Dwudziesty
Wrzucam, a raczej wypluwam ten rozdział po wielu trudnościach XD ciężko mi się pisało, ale mimo to, mam nadzieję, że będziecie się dobrze bawić czytając go.
Jeśli ktoś chciałby poczytać inne moje fanfiki, zapraszam na Opiekuna znajdującego się na moim profilu. Złapałam na niego bakcyla, a i uważam, że całkiem w porządku to opko - jeśli ktoś z obecnych czyta opiekuna, może napisać jak wrażenia dla przyszłych czytających XD
W każdym razie miłego!
Dostając tuzin wiadomości od Nasha przez weekend – wiedziałem, że on także nie może doczekać się poniedziałku. Nasz prowizoryczny plan miał duże szanse na powodzenie, wystarczyło jedynie dopiąć go w sensowną całość (w tym wypadku pokazać Vivian zdjęcie).
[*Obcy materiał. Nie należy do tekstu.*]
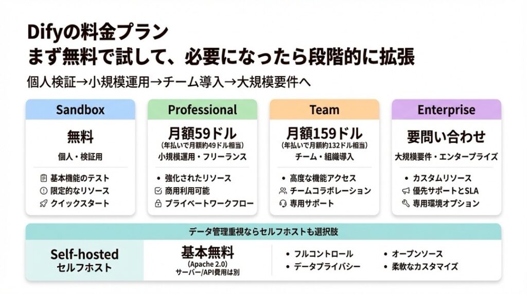 Difyには、利用スタイルに合わせた複数の料金プランが用意されています。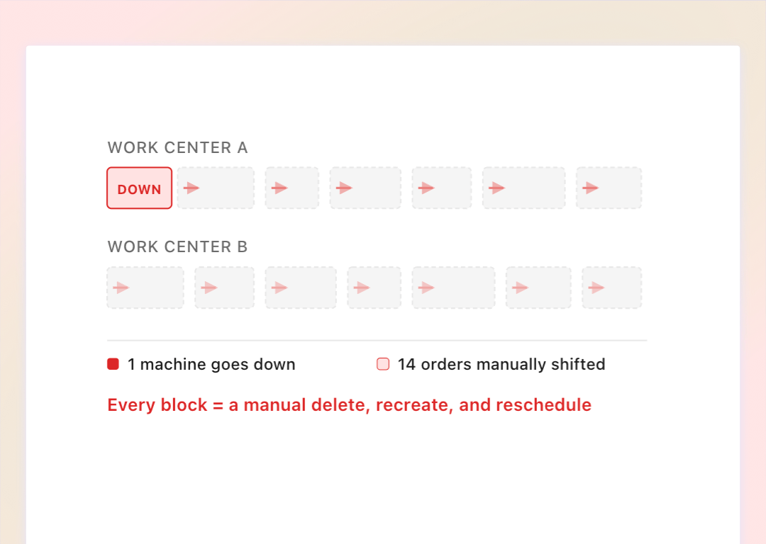 When a machine goes down, planners manually delete, recreate, and shift dozens of dependent orders. One disruption cascades into a full day of rework.

Choć dobry humor mnie nie opuszczał, a jawne zaaferowanie wypełniało moje myśli, czułem także osobliwe podenerwowanie. Katheline więcej się nie odezwała, tym samym nie wysyłając docelowego adresu spotkania, a ja wcale nie upominałem się o to. Nie chciałem zawężać jej przestrzenni osobistej, ale wiem, że to spotkanie musi w końcu nadejść. Sama sprawa akademika, który nadal dzielimy, będzie pchała nas ku sobie. Nie chcę się wyprowadzać, ale coś mi mówi, znając upartą naturę Kate, że nie będzie skora, aby zrezygnować.
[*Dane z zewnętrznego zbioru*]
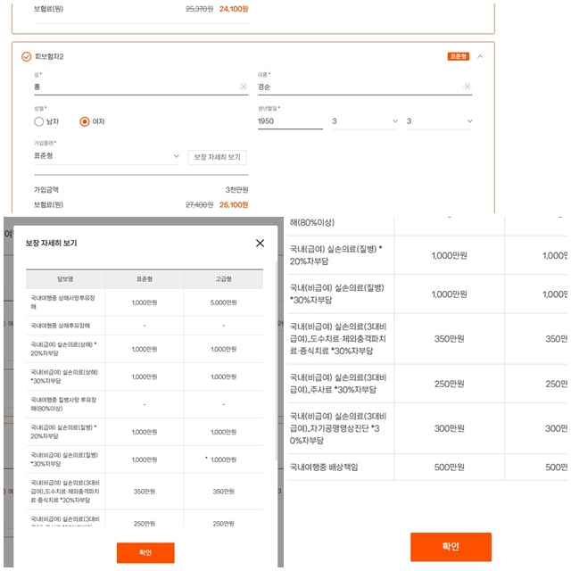 - 그린, 오렌지형의 경우 금액이 저렴(보장에 제한이 있음), 레드형이 기본인듯

Gdy w sobotę rozmawiałem o tym z Nashem, proponował, abym wyniósł się z obecnego akademika i wynajął dwójkę z nim. Problem tkwił w tym, że nie do końca wiem, czy spędzanie każdej wolnej chwili z Nashem służyłoby mi tak, jakbym tego chciał. Czuję niemalże na końcu języka smak codziennych studenckich imprezek i wiecznych wymówek, żeby nie iść na wykłady. A ja, jakbym się nie zapierał, do opornych nie należę.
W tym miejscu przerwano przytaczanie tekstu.